WHAT TO WORK ON: Leave every picture out and return the rest of the listing verbatim.

DATASET CONTENT:
************
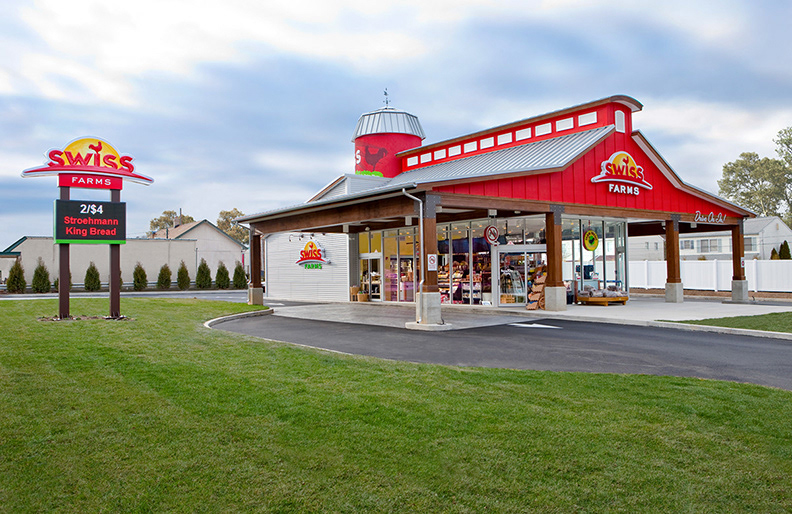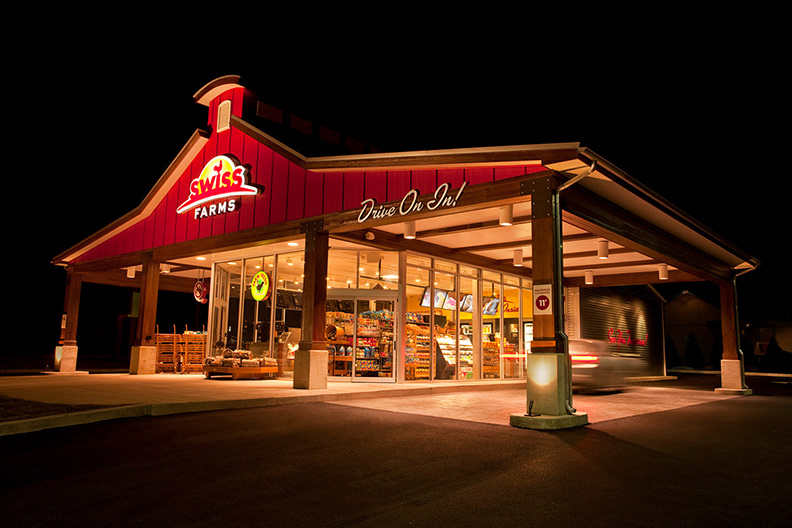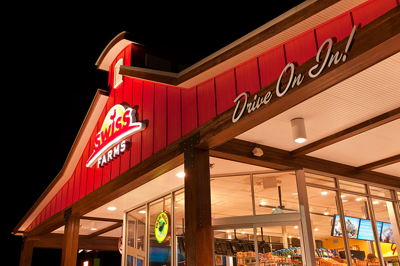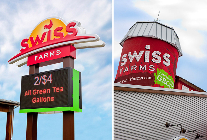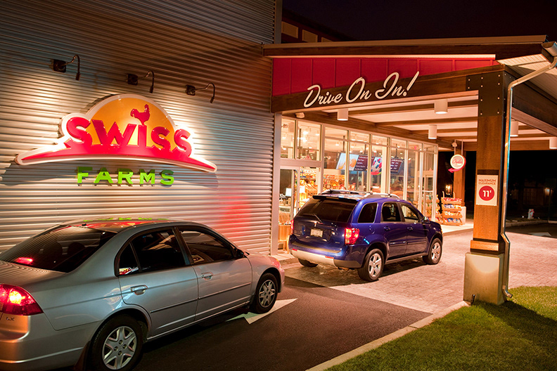 Once a leader as a drive-thru convenience store, Swiss Farms wanted to rethink their store experience and product offering to become a drive-thru grocery store providing market essentials to customers on the go. We updated the brand identity and rebranded the exterior architecture to reflect a fresh market feel, all while displaying product easily for a seamless drive-thru experience.
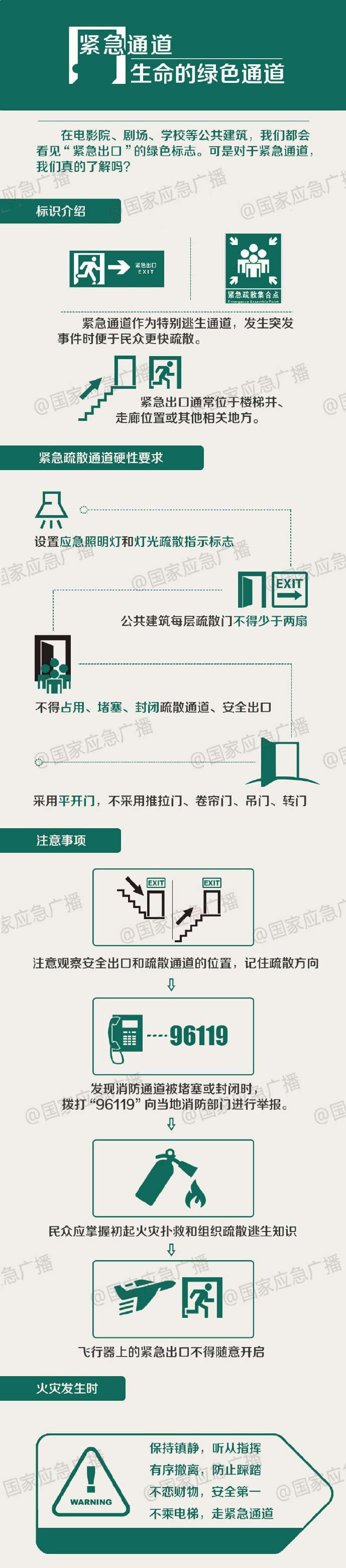 在電影院、劇場(chǎng)、學(xué)校等公共建筑,我們都會(huì)看見(jiàn)“緊急出口”的綠色標(biāo)志??墒菍?duì)于緊急通道,我們真的了解嗎?戳圖↓一起來(lái)學(xué)習(xí)吧!
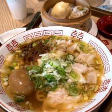 えびワンタン麺セット セットは焼売、豚まんと杏仁豆腐
************
OUTPUT:
 Once a leader as a drive-thru convenience store, Swiss Farms wanted to rethink their store experience and product offering to become a drive-thru grocery store providing market essentials to customers on the go. We updated the brand identity and rebranded the exterior architecture to reflect a fresh market feel, all while displaying product easily for a seamless drive-thru experience.
 在電影院、劇場(chǎng)、學(xué)校等公共建筑,我們都會(huì)看見(jiàn)“緊急出口”的綠色標(biāo)志??墒菍?duì)于緊急通道,我們真的了解嗎?戳圖↓一起來(lái)學(xué)習(xí)吧!
 えびワンタン麺セット セットは焼売、豚まんと杏仁豆腐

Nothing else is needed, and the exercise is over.